Geological formation in Canada

The Peace River Formation is a stratigraphic unit of middle Albian age in the Western Canadian Sedimentary Basin.

It takes the name from the Peace River, and was first described on the banks of the river, downstream from the Smoky River confluence to the mouth of the Notikewin River by McConnell in 1893.

==Lithology==
The Peace River Formation consists of greywacke, coal, coarse to fine marine sandstone and dark, fissile, non-calcareous shale.
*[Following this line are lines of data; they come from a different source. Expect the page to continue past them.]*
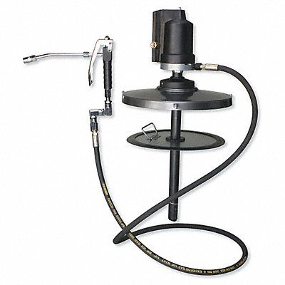 Grease Pump with Gun Air Motor Size 2 53/64 in Fits Container Size 35 lb/5 gal Pail Volume per Minute 1 lb Pump Ratio 50 1 Max Pressure 7 500 psi Air Inlet 1/4 in FNPT Grease Type NLGI 1 and 2 Hose Length 7 ft Material Brass Nitrile Polyurethane Rubber Steel and Zinc Drum Cover Dia 12 in Application Ideal for Applications Having Continuous Need for High Pressure Grease in Industry Workshops and Farm
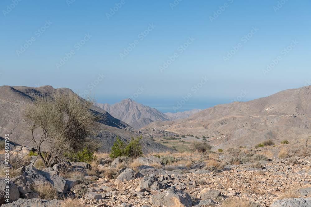 A green valley in the Harim desert mountains of Musandam. Oman
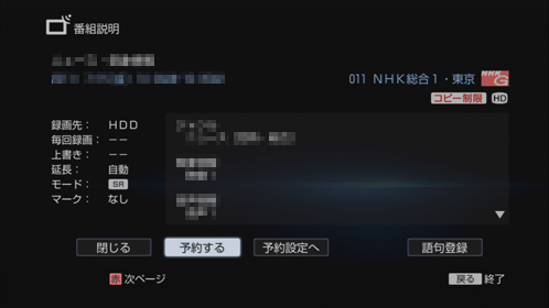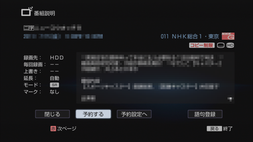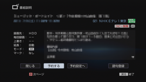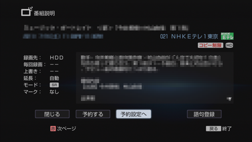 | 上書き([録画先]を[HDD]に設定した場合のみ) | [日付]で定期的に録画する設定にした場合に、前回録画した番組(タイトル)を削除した上で新しい回を録画します。前回録画した番組を消去したくない場合は、[上書き]の項目を[しない]に設定します。 |
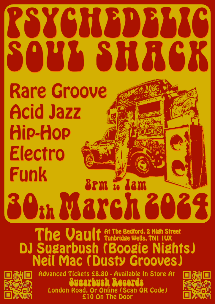 A brand new night hosted by hosted by Neil Mac & DJ Sugarbush, the mighty Dusty Grooves Sound System returns for a small, intimate gathering of friends and lovers of funky flavours and psychedelic soul.
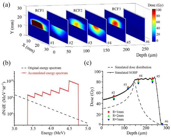 Figure 5c shows the calculated dose distribution (the black solid curve) at different depths and the experimental average doses within 1 mm (the red diamond), 2 mm (the green triangle), and 3 mm (the blue triangle) radius of the beam spots. The results show a good fit to the expected depth profile, demonstrating that it is possible to produce a SOBP with a laser accelerator. The black dashed curve in Figure 5c shows the expected dose curve if we were to use the original exponentially decaying spectrum directly (the dashed curve in Figure 5a), for comparison. Hence, tailoring the number of shots for different central energies changes the final dose depth profile, and enables an initially exponentially decaying spectrum in order to satisfy the requirements of the SOBP. The result also shows the potential feasibility of future irradiation based on laser-accelerated proton beams.
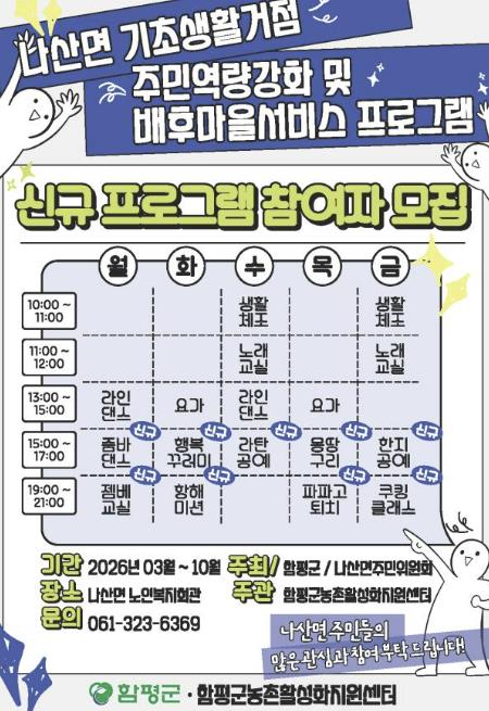 이번 프로그램은 나산면 기초생활거점 조성사업의 일환으로, 주민 삶의 질 향상과 지역 공동체 활성화를 위해 마련됐다.
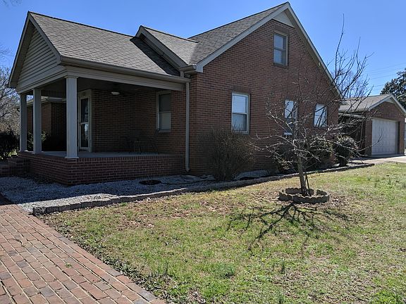 Many possibilities with this property. 2495 sq. ft. 4 bedrooms, 3 baths, brick home on large 0.75 acre corner lot that is great for a large family, adult child/mother-in-law unit, or separate rental unit. Property in the process of being rezoned to B-2 so may be used for business as well as residential. House is located on one lot with extra adjacent lot available for expansion. Downstairs is approximately 1800 square foot, includes large combined living and dining rooms, eat in kitchen, 3 bedrooms, washer and dryer area, 2 baths, sunporch, 164 sq. ft. covered front porch, and 354 sq. ft. wood deck. Upstairs 630 square foot apartment includes 1 bedroom with walk in closet, large bathroom with washer and dryer area, combined kitchen and living room with inside access and separate deck and outside entrance. Apartment has separate electrical and heating and cooling unit. House also includes 544 sq. ft. Unfinished basement and 484 sq. ft. attached 2 car garage and large parking area. Home built in early 1950’s with cedar lined closets, hardwood floors, and gas fireplace. Located minutes from shopping, industrial park and easy access to Pennyrile Parkway (AKA I-24 Extension or I-169) that leads to Fort Campbell, Ky.
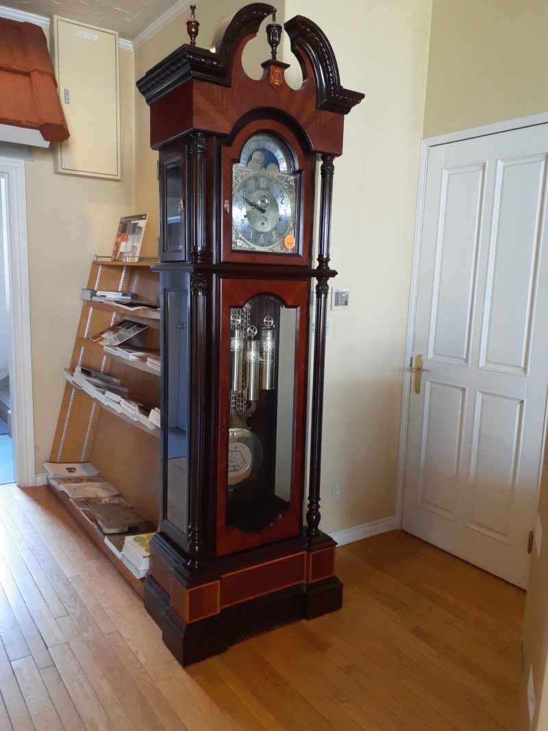 カナダ製の大きな時計があります。機械仕掛けで、一日数分時間が狂いますが、存在感のある大きな時計です。
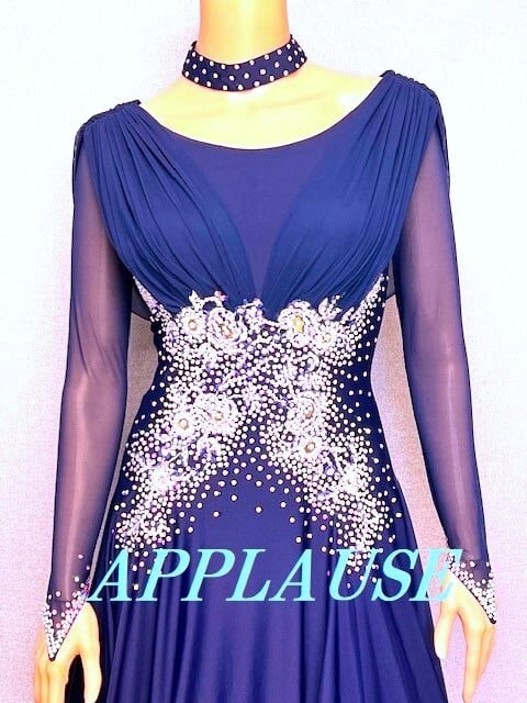 【再入荷】パーティードレス 社交ダンス ドレス スタンダード モダンドレス ネイビー M ST-25-24 デモ・競技用ドレス 発表会衣装 パーティドレス ワンピース 舞台衣装
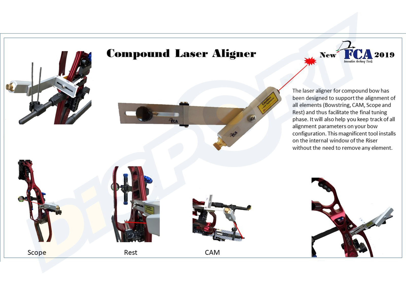Squadretta laser per allineare tutti gli elementi e facilitare la fase del tuning finale per archi compound.
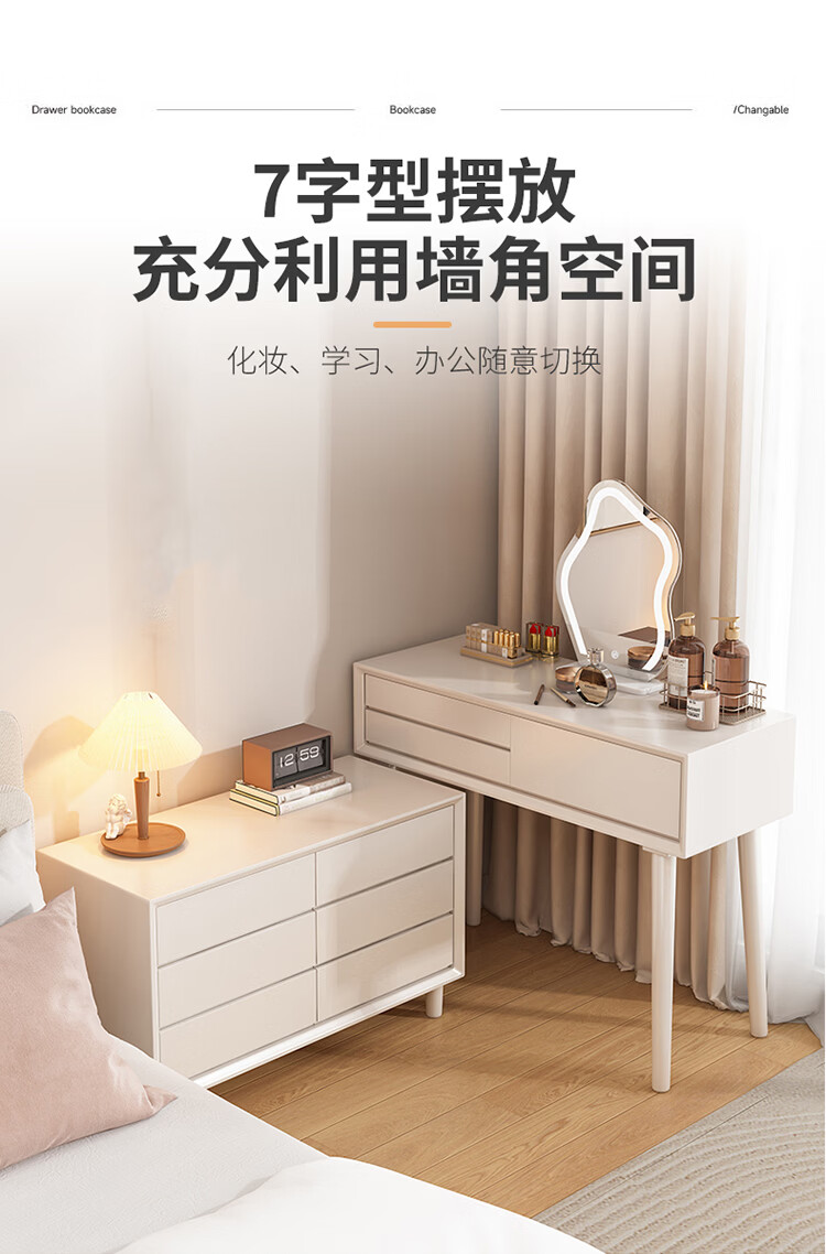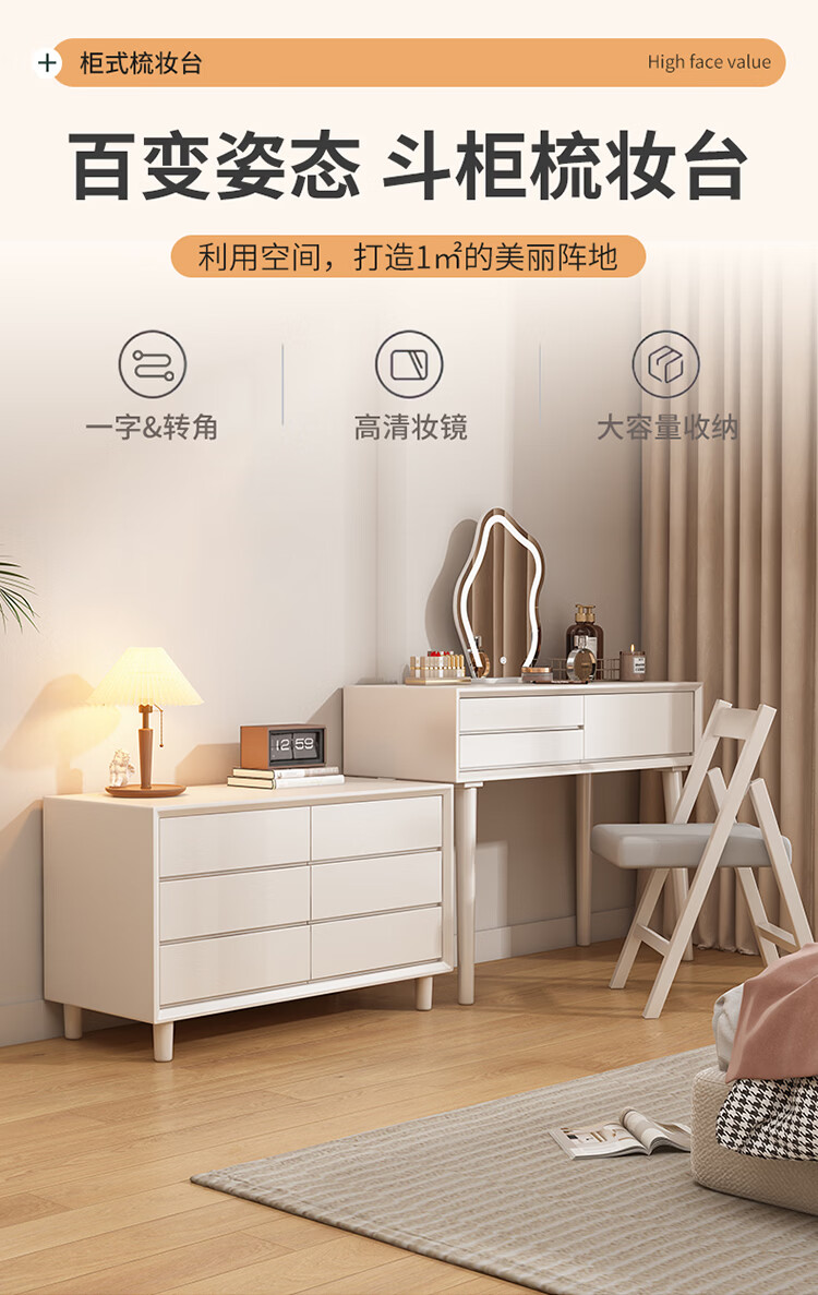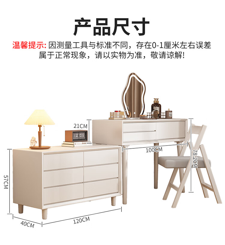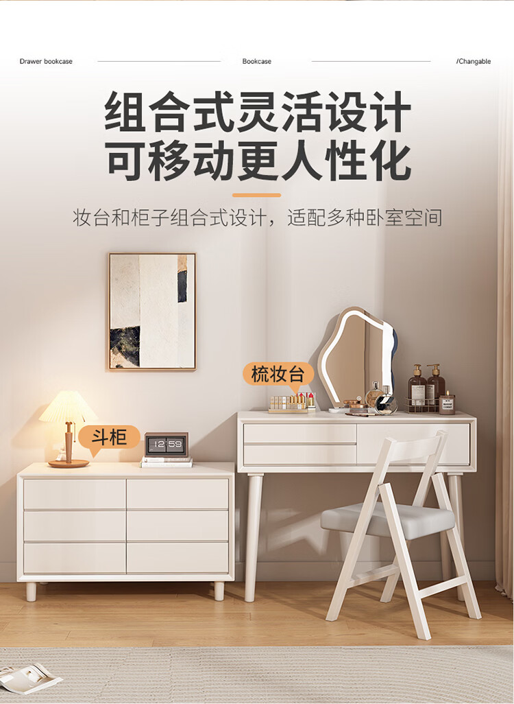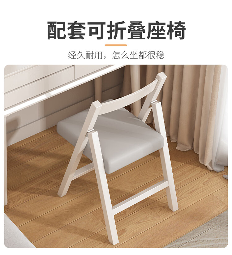 科虎卧室梳妆台斗柜一体实木化妆台书桌二合一小户型 奶油白 梳妆台(无镜)

===Hydrocarbon production===

Gas is produced from the Cadotte Member in northern-western Alberta.

==Distribution==
The Peace River Formation is 60 ft thick on average. The formation has different extents at different stages, with the Paddy Member present only in the Peace River Country in northern Alberta south of Clear Hills, while the Cadotte Member and the Harmon Member occur in both Alberta and north-eastern British Columbia.

===Physiography===

The Peace River Lowland, a landform region in the Alberta Plateau, is a gently rolling lowland without clearly defined outer boundaries extending east of the Rocky Mountains on both sides of the Peace River and sloping downward to the north and east. The higher hills in the foothills east of the Rockies in northeastern British Columbia have elevations of about 1000 m and the plains west of Lake Athabasca are about 300 m above sea level. The lowland's Quaternary sediments of the former lake bottom of Glacial Lake Peace are underlain by Upper and Lower Cretaceous sedimentary rocks mainly shales of the Shaftesbury formation and sandstones of the Dunvegan and Peace River formations. The Peace River and its immediate tributaries have incised almost 200 meters into the sediments and into the Cretaceous bedrock in the western section but only about 70 meters in the east side further north around Fort Vermilion.

On the basis of topography and landscape pattern, the area may be subdivided into four local physiographic units: the Peace River Lowland, Otter Lakes Upland, Utikuma Lake Upland, and Clear Hills Upland.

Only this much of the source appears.